I replied back quickly, "Do I look unemployed? I feel like I look unemployed."
She laughed as friends are wont to do. "You're fine." She added, referencing her own sweats from a race earlier that day.
I tried to laugh it off, but it's hard. While I've been in this position before, it was slightly more empowering in that it was done by my own hand. Right now I feel a bit shaken. Lost and confused. While I am in no way scared of what the future holds, I wish I could peek at it, if even just for a second.
Monday morning found me grocery shopping earlier than necessary. I walked the aisles, pushing a cart pondering those around me. Why aren't they at jobs on a Monday morning? What do they do with their lives that allows them such freedom? I considered stopping them and asking. But was scared that they would see the scarlet U on my chest and I would immediately be shunned.
For much of my life, I have known exactly what I want to do, and up until last week, I was doing it. I don't know the exact statistic, but most people do not use their degrees. I was one of the few. And while that doesn't mean I'm any more special than someone who didn't, it just meant that I've known where I wanted to go for a really long time.

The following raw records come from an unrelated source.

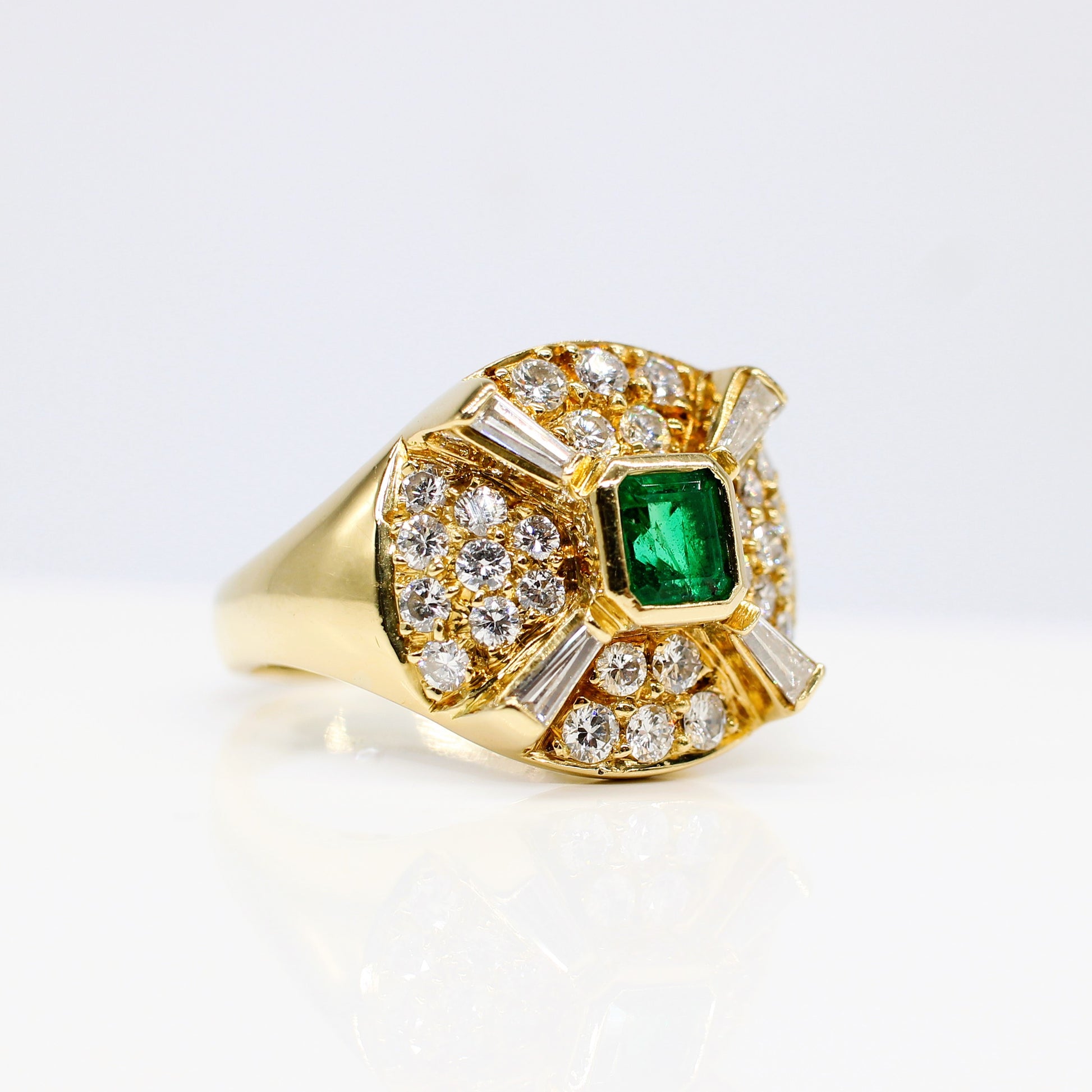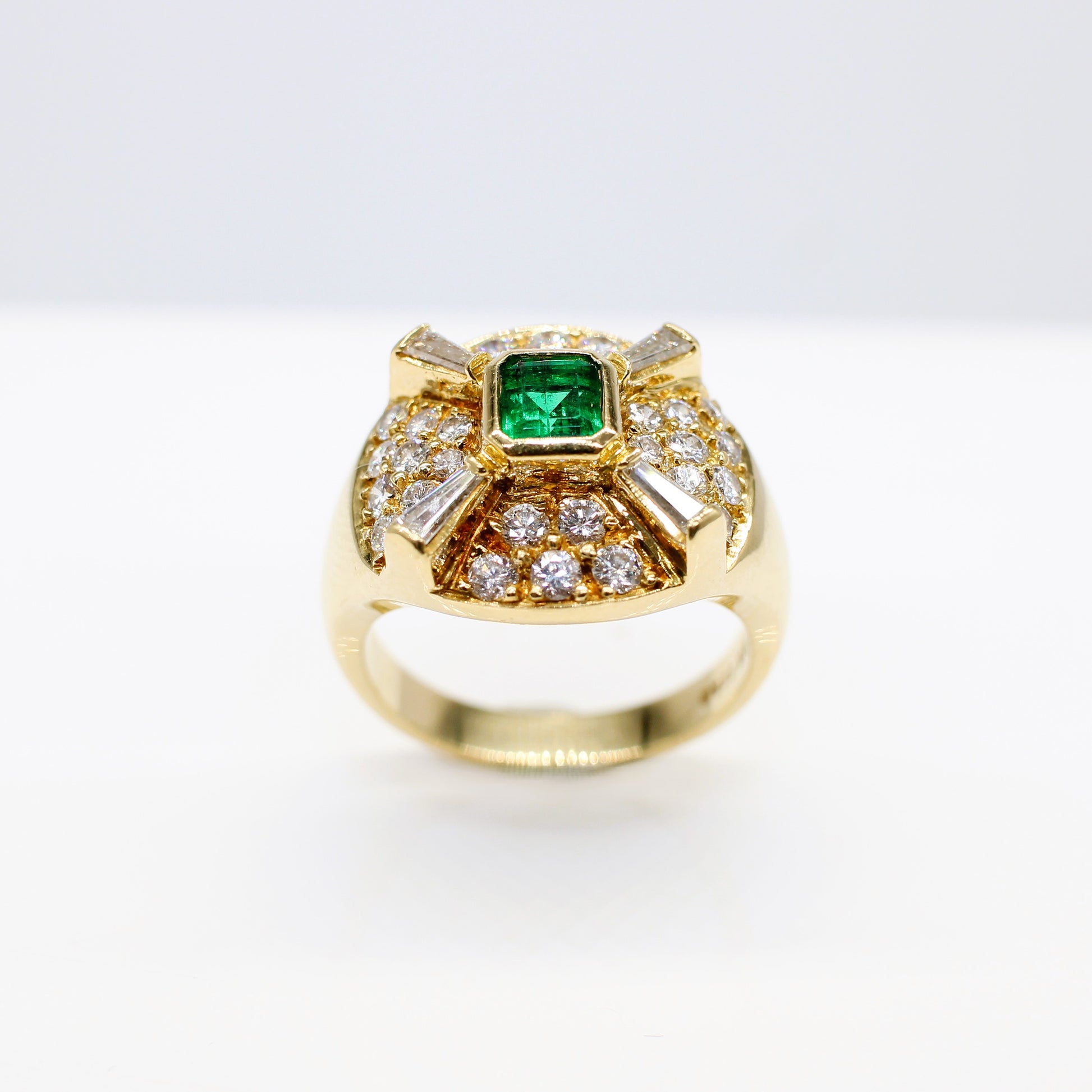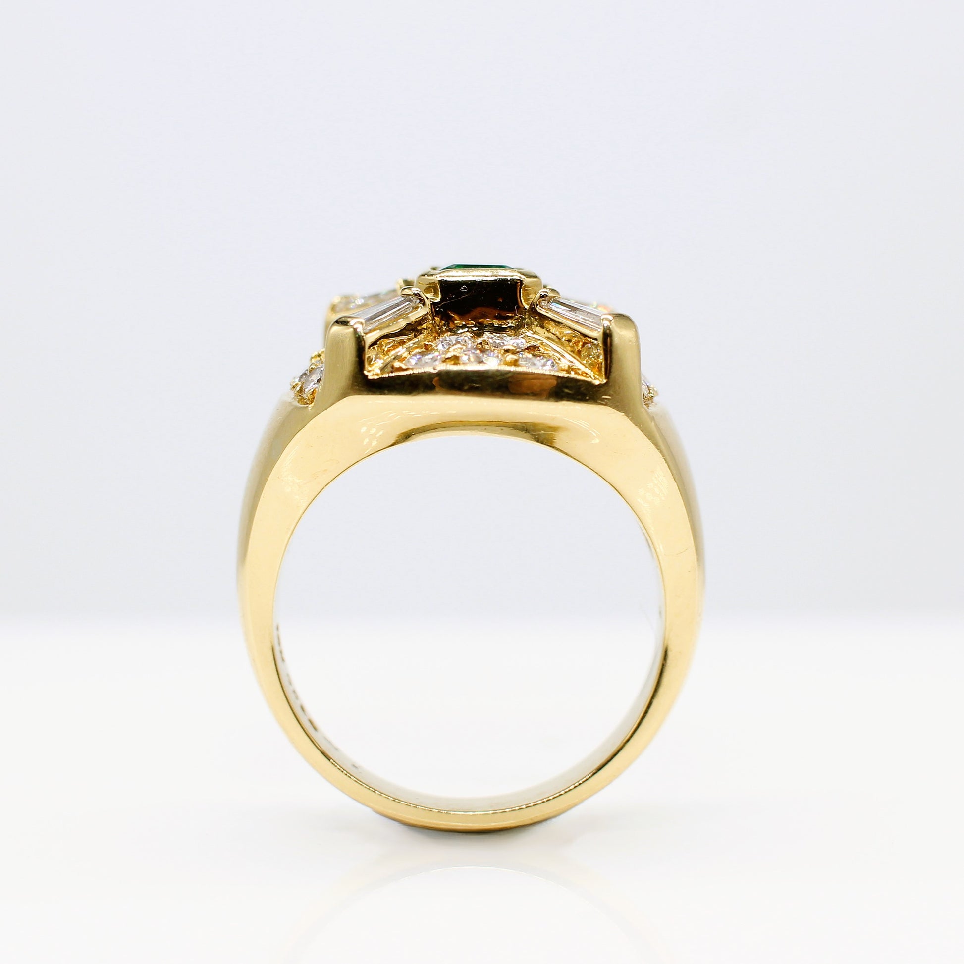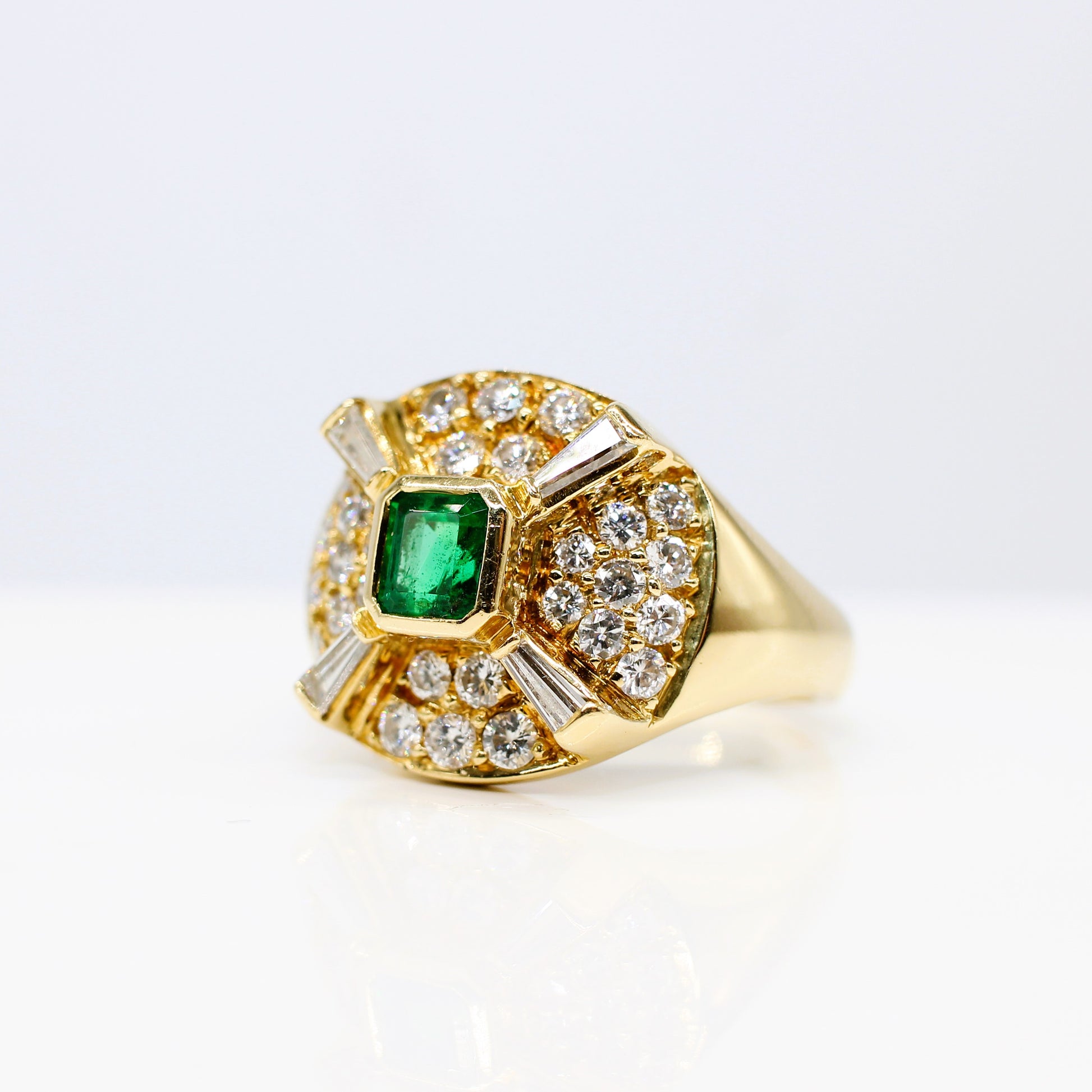 An Emerald And Diamond Ring In 18K Yellow Gold.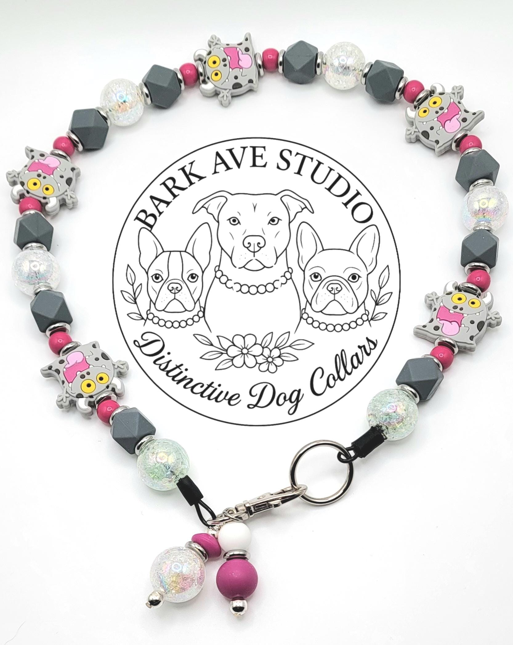 Add a pop of fun to your pup’s style with this playful cartoon monster dog collar from Bark Ave Studio! Featuring whimsical character beads, vibrant hot pink accents, shimmering bubble-like beads, and modern gray hexagons, this collar makes a bold and adorable statement. Perfect for everyday wear, photo shoots, or special occasions, it’s a must-have for pups who love to stand out.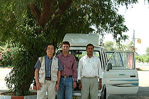 途中のレストランにて記念撮影。 中央がガイドのチャンチェロさん右がドライバーのバワンさん、お二人にはお世話になりました、、、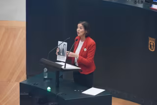 Maroto, vestida de rojo socialista con una chapa de 'Perra Sanxe' y otra del 'No a la tala', ha protagonizado un debate tenso con la bancada 'popular', con continuas interrupciones y que ha llevado a su compañero Pedro Barrero a requerir en varias ocasiones al presidente del Pleno que pusiera orden entre el PP.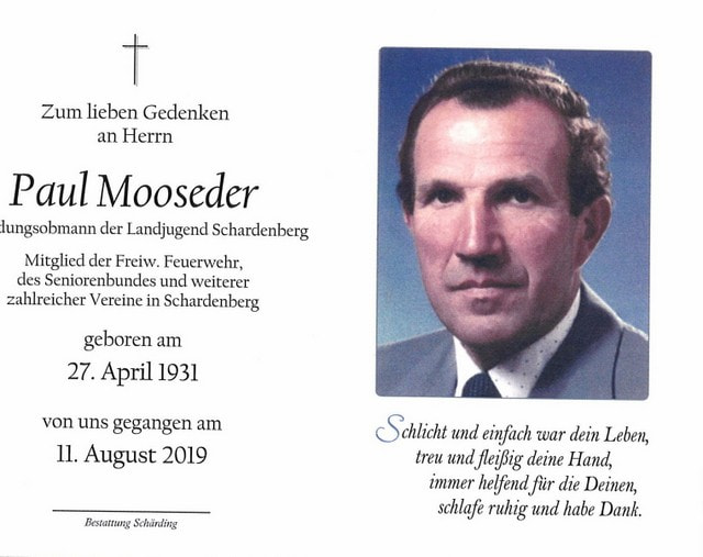 Paul Mooseder, gest. 11.08.2019 im 89. Lebensjahr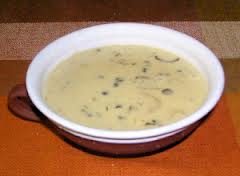 Cibuľová polievka, zemiaková kaša, pečené jaternice,kyslá uhorka.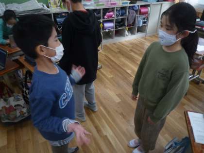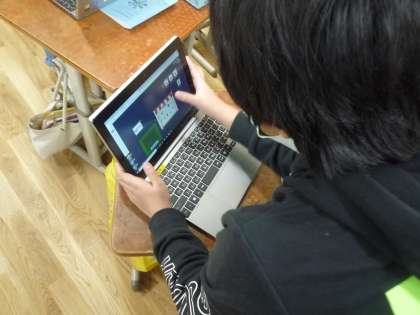 外国語の授業でロイロノートを活用してお店屋さんをしました。テーマは「自分だけのフルーツパフェを作ろう。」というもので,英語でお店屋さんに自分のほしいフルーツを伝え,お店屋さんがロイロノートを通して,お客さんにフルーツを送るというものです。デジタル上ですが,相手の目をみて,「Here you are.」「Thank you.」とやりとりをしていました。今後の学習で買い物をしたフルーツを使って,オリジナルパフェを作っていきます。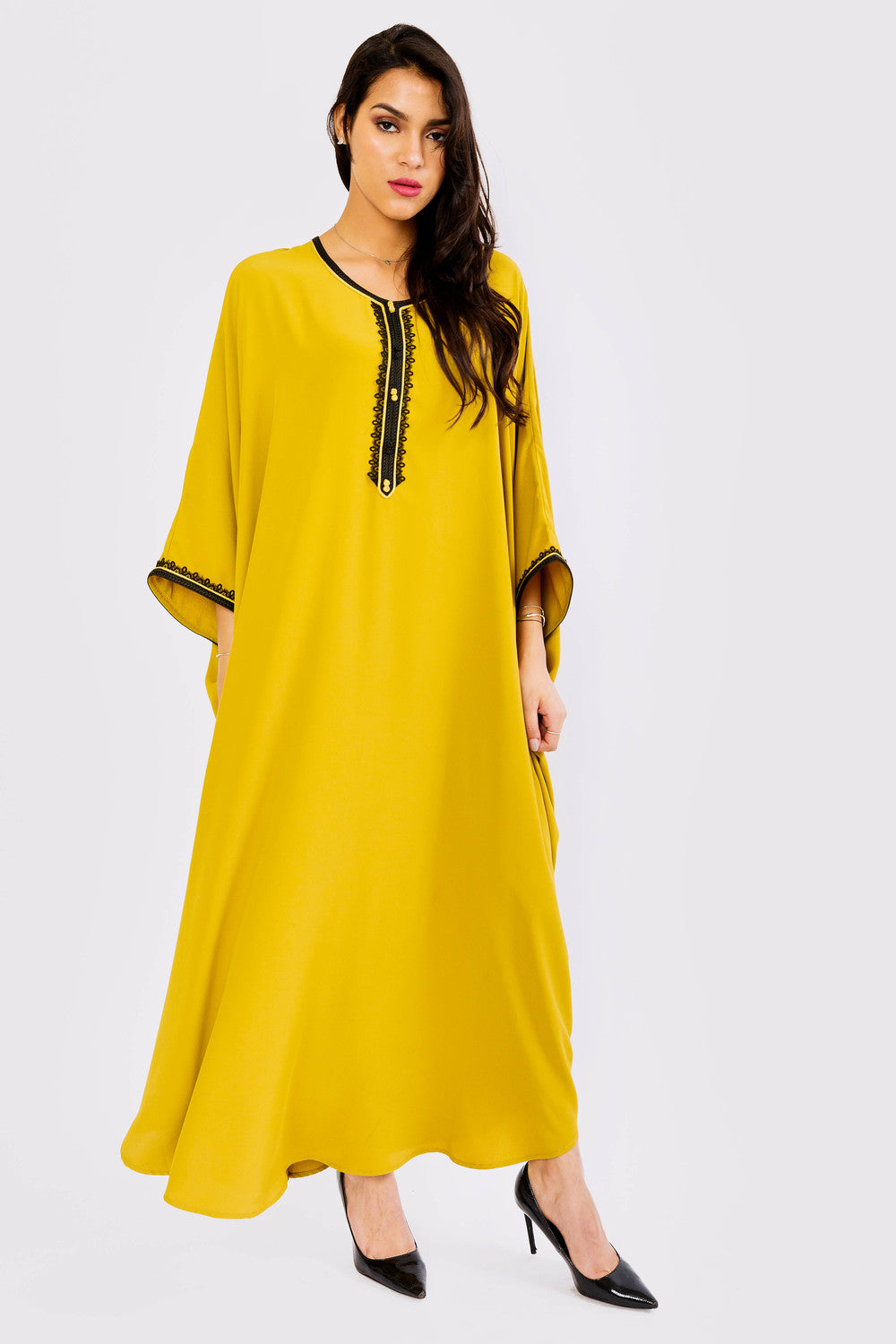 Kaftan Jeremy Cropped Sleeve Loose Maxi Dress Gandoura Abaya in Lime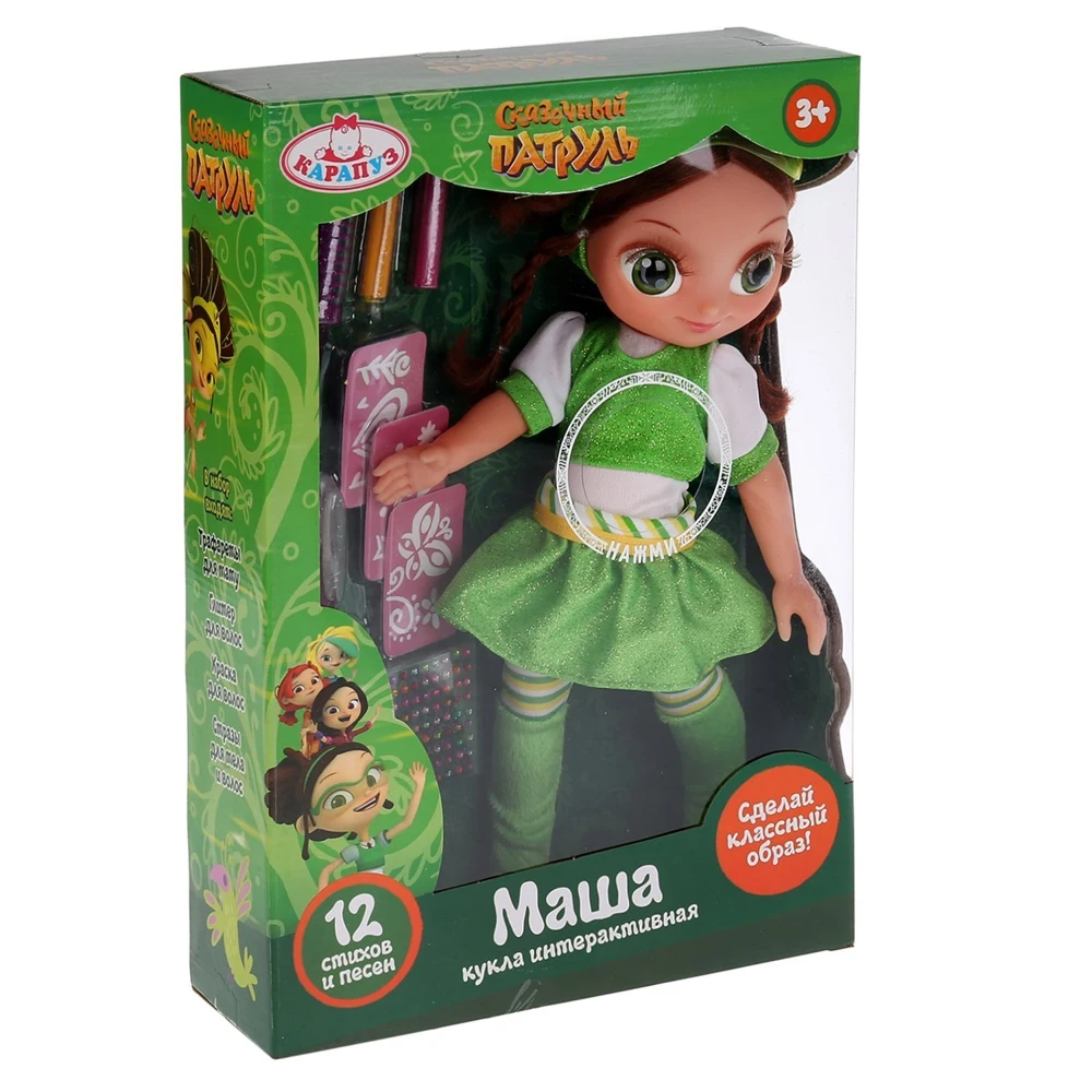 Кукла Маша с набором для волос станет лучшей подругой для ребёнка. В игрушку встроен звуковой модуль, на который записано 12 весёлых стихов и песен. На кукле надеты платье, лосины, туфельки в тон, в волосах вплетена лента, и всё это можно снять. В комплекте прилагается тату, краска и стразы для создания стильной причёски.

Often, people cite mommies as having lost their identity, overcome by the poopy diapers and T ball practices, they are shells of themselves, absorbed by the needs of their children.
We're not that dissimilar, me and them. Where they throw themselves into their children's lives, letting the moniker 'so and so's mom' take the place of their name, I did the same with my career. I was a writer dammit. That was who I was. And while technically, I still am, I feel as if I've lost a sense of self along the way. I'm questioning me.
And frankly, I really don't like that.